Jak donosi
gazeta koszerna, kolejny raz
katoendeckie elementy reakcyjne ukrywające się obecnie pod postacią
bibliotekarki z Zespołu Szkół Urszulańskich,
szerzą ciemnotę i nie pozwalają rozwijać się młodym ludzikom.
Otóż pani
bibliotekarka kupiła kilka książek do biblioteki, przeczytała je dopiero po kupnie i jak przeczytała, to stwierdziła, że dzieci tego czytać nie powinny (Z jakich powodów? Nie ważne, w szkole nie ma demokracji, więc jej decyzja powinna zostać uznana za końcową.).
Jak wiadomo, wolność polega wg
komunistów na tym, żeby dzieci oglądały
pornosy i uczyły się rozmaitych
technik masturbacji od przedszkola.

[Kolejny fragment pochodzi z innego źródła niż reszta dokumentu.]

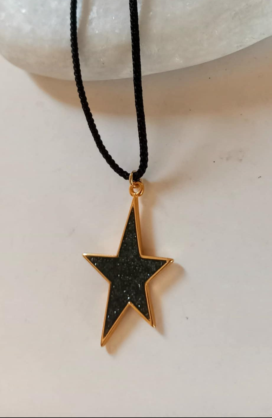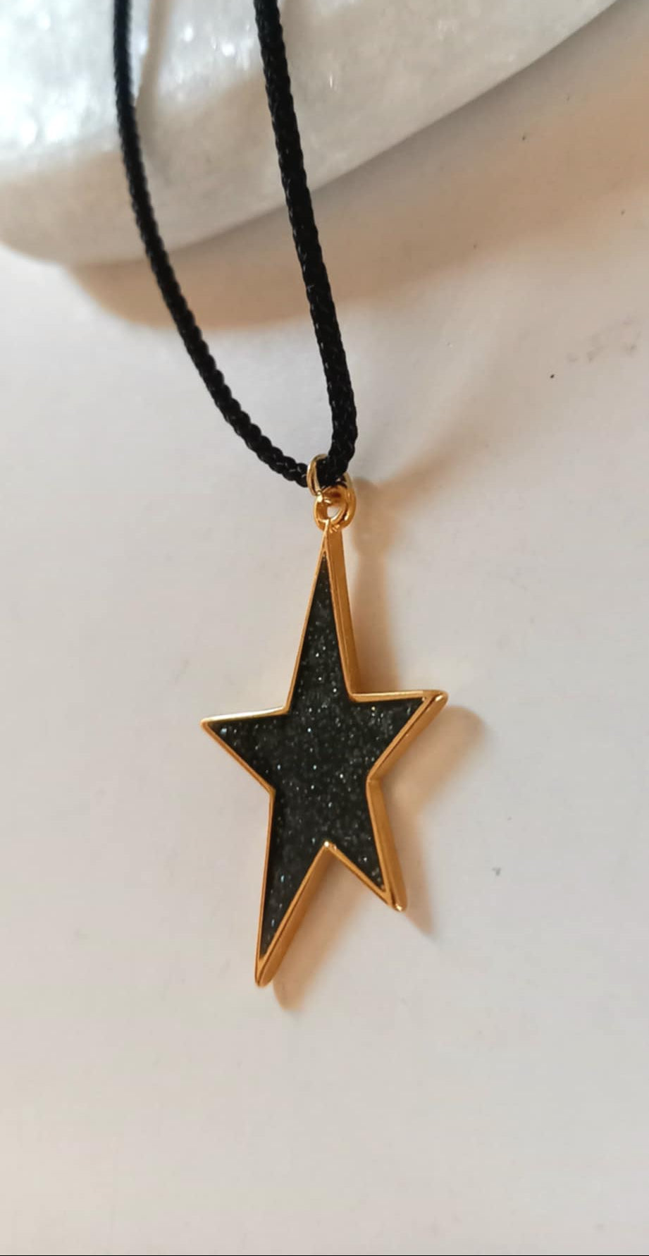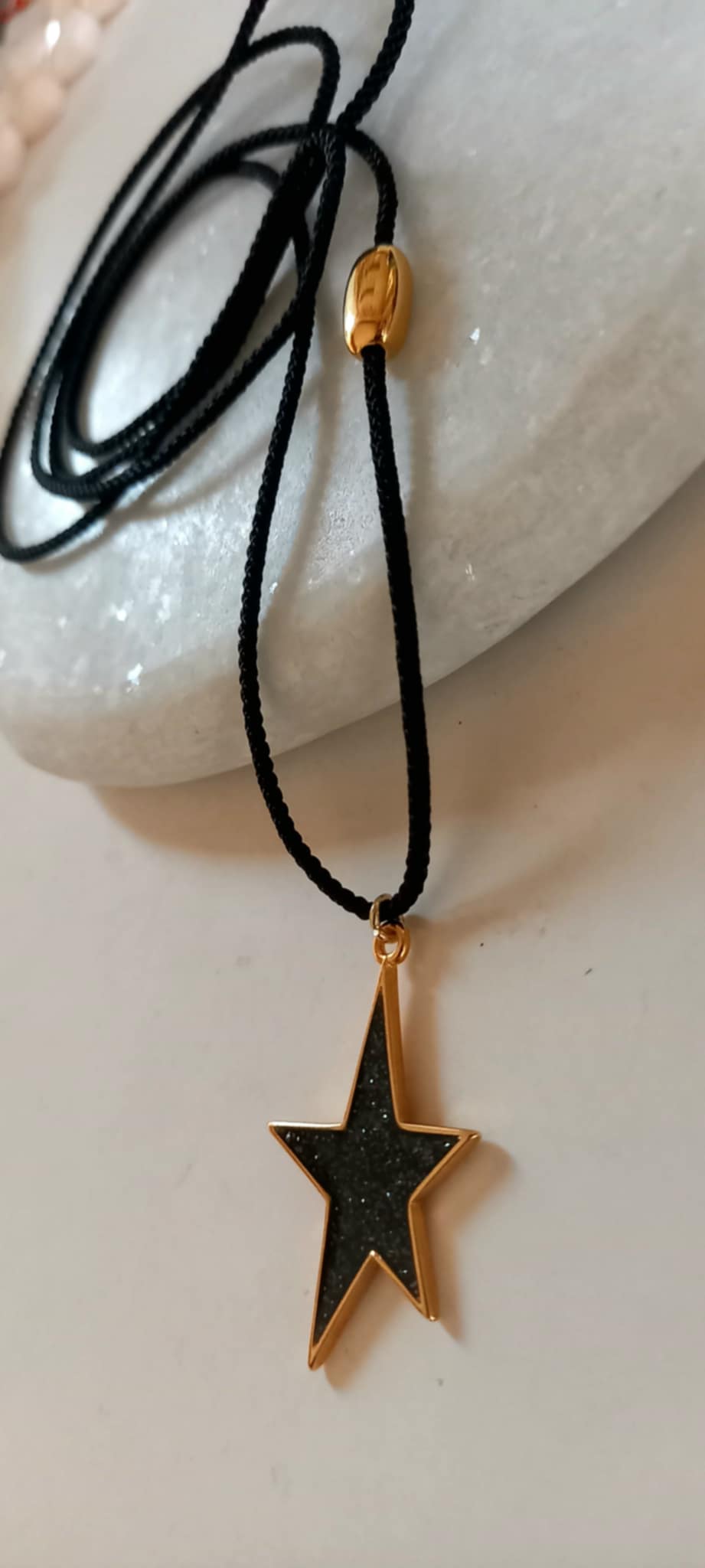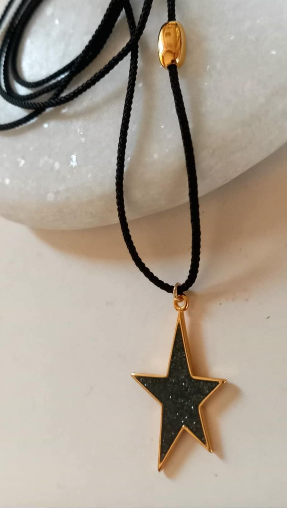 Εντυπωσιακό κολιέ με κορδόνι σε μαύρο χρώμα, ενωτικό επιχρυσωμένο στοιχείο και μοτίφ αστέρι με glitter σμάλτο σε μαύρο χρώμα.

W tym przypadku, gazeta koszerna stwierdziła, że dostęp do „Kodu Leonarda”, „Pachnidła”, „Samotności w sieci”, czy „Fantastyki” jest kwestią wolnościową. Nie może przecież jakaś tam bibliotekarka sobie decydować, czy książka się dla dzieci nadaje czy też nie. O tym powinny decydować dzieci, bo jak wiadomo dzieci, to takie małe ludziki, co to o sobie w pełni mogą decydować.
Tak więc
ałtorytet podręczny,
społeczny rzecznik praw ucznia Maciej Osuch, stwierdził, że ta cenzura jest sprzeczna z prawem (ciekawe jakim ;] ).
Ja sądzę, że nadszedł już czas, by gazeta koszerna zajęła się prawdziwą dyskryminacją, bo te książki to nic przy innej bardzo ważnej kwestii. Otóż jak wiadomo,
dzieci nie mogą uprawiać seksu z dorosłymi,
jest to ewidentna niesprawiedliwość społeczna (łamanie konstytucji), a przecież jeśli dzieci mogą decydować o tym, co mogą czytać, tak więc
powinny mieć prawo decydować o tym, czy chcą uprawiać seks z dorosłym, czy ze swoim rówieśnikiem.
Jeśli ktoś ma wątpliwości, czy dzieci mogą wybierać sobie partnerów seksualnych,
to jest ciemną masą,
niewykształconym i nie wyedukowanym seksualnie wsteczniakiem. Przecież po to właśnie dąży się do wprowadzenia wychowania seksualnego od przedszkola, żeby dzieci mogły świadomie już w młodym wieku wybierać partnerów seksualnych, bez tego procesu dydaktycznego, mogą zdarzyć się sytuacje, że seks dziecka i dorosłego nie będzie za obopólną zgodą.
Tak więc
należy skończyć z dyskryminacja seksualną dzieci i niczym pedalstwo niemieckie po rewolucji obyczajowej 68 zacząć otwarcie głosić, że pedofilia to zło, ale tylko i wyłącznie, gdy dziecko się na ten seks nie zgadza, jeśli zgoda występuje, wtedy wszystko jest w porządku.
Jeśli wyciągam zbyt pochopne wnioski, na podstawie tego, że dziecko ma prawo samo o sobie decydować w pełni, to niech mnie ktoś z gazety koszernej skoryguje.